Mexican Senator's Solution To Crime: Arm Citizens

Mexican Senator's Solution To Crime: Arm Citizens

Senator Jorge Luis Preciado's push for wider access to guns has faced resistance in Mexico

Mexico City:  A Mexican senator has a radical and controversial plan to combat rising violence in his country: Let citizens legally arm themselves in their cars and businesses.

Senator Jorge Luis Preciado's push for wider access to guns has faced resistance in a country where drug cartels have wreaked havoc with illegally-obtained assault rifles.

Even his conservative National Action Party has refused to endorse his proposal. Undeterred, Preciado launched last week a national campaign to collect 120,000 signatures, which would force Congress to look at the constitutional amendment.

The lawmaker seeks to seize on Mexicans' anger and frustration at the dismal state of justice in a country where only one percent of crimes are punished, according to an impunity study by University of the Americas Puebla.

Mexico is "a failed state in terms of security. We aren't asking (the authorities) to defend us. We are telling them, 'Let us defend ourselves,'" Preciado told AFP in an interview in the Senate.

While the law allows Mexicans to possess small-caliber weapons at home for protection, Preciado said it only benefits "a very select group, including soldiers, businessmen, politicians."

The only way to legally buy a firearm is at a store in Mexico City overseen by the defense ministry after obtaining a $115 permit. Only 3,075 gun permits have been authorized in recent years.

Preciado's proposal would allow gun possession inside private businesses and vehicles.

In Mexico City, for instance, thieves take advantage of the mega-capital's notorious traffic jams to rob drivers at gunpoint.

"Today in Mexico you can steal, rob and extort with total impunity. The citizen doesn't have the tiniest possibility to defend himself," Preciado said.

- Vigilante justice -
One man took justice into his own hands on Monday. After four armed people robbed a bus near Mexico City, a passenger pulled out a gun and killed them all, according to witnesses. The shooter then left and disappeared.

An editorial in the newspaper El Universal said such recent acts of vigilante justice show that people are fed up with impunity, but it is also "a virtual adoption of the law of the jungle."

Some 1.15 million crimes including homicides, thefts, extortion and rape were reported in Mexico between January and September, up from 1.13 million over the same period last year, according to official figures.

"How many could have saved their lives if they had a gun permit?
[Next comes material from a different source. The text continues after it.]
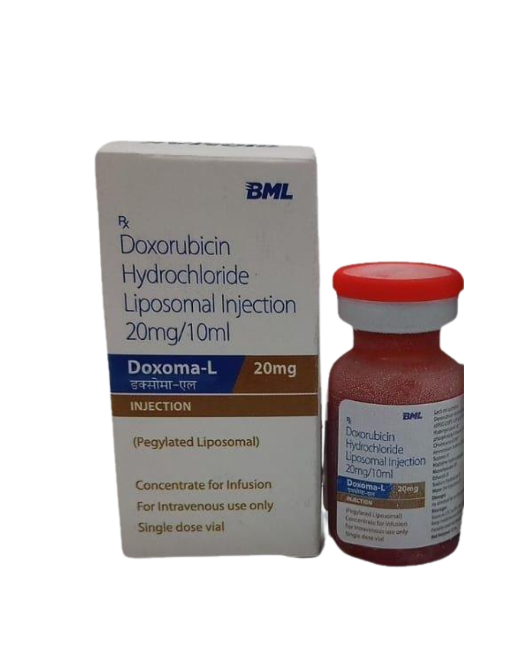 DOXOMA-L 20MG INJ VIAL is a liposomal formulation of doxorubicin, an anthracycline topoisomerase inhibitor widely used in cancer chemotherapy. This specialized formulation encapsulates doxorubicin within lipid vesicles, which allows for a prolonged circulation time in the bloodstream and preferential accumulation within tumor tissues through the enhanced permeability and retention (EPR) effect. This mechanism helps to deliver a higher concentration of the drug directly to cancer cells while potentially minimizing exposure to healthy tissues, thereby reducing common systemic toxicities such as cardiotoxicity and myelosuppression often associated with conventional doxorubicin. It exerts its cytotoxic effects by intercalating into DNA, inhibiting topoisomerase II, and generating free radicals, leading to DNA damage and apoptosis in rapidly dividing cancer cells, offering a more favorable safety profile.

How many kidnappings, rapes and robberies could have been avoided?" asked Luciano Segurajauregui, regional director of Mexico Armado, an organization that promotes gun possession.

Banning people from defending themselves with guns is "the equivalent of prohibiting the use of fire because it burns or the use of water because it drowns," he said.

Raymundo Moreno, a private security entrepreneur, has called for citizens to be allowed to carry high-caliber weapons like the ones used by criminals.

Some 2,000 guns, assault rifles and grenade launchers illegally enter Mexico through the porous US border every day, according to a study commissioned by the lower house of Congress.

- More deaths? -
For Francisco Rivas, director of the National Citizen Observatory, a non-governmental organization that monitors crime, it remains to be seen if Preciado's proposal is actually "a serious proposal or a mere provocation."

"I don't see it as viable," Rivas said.

He criticized Preciado's argument that there is less crime in the United States than Mexico thanks to legal and widespread firearm possession, which deters criminals.

"The United States is a country where people are armed and there are crimes. There are fewer (than in Mexico) because they have a police force capable of resolving problems," Rivas said.

He said Preciado should instead "invest his time in strengthening the security and justice institutions" of Mexico.

If the lawmaker's plan is approved, Rivas warned, there could be "a lot of deaths that we could blame on one person in particular, which is Senator Preciado and all the senators who decide to support his initiative."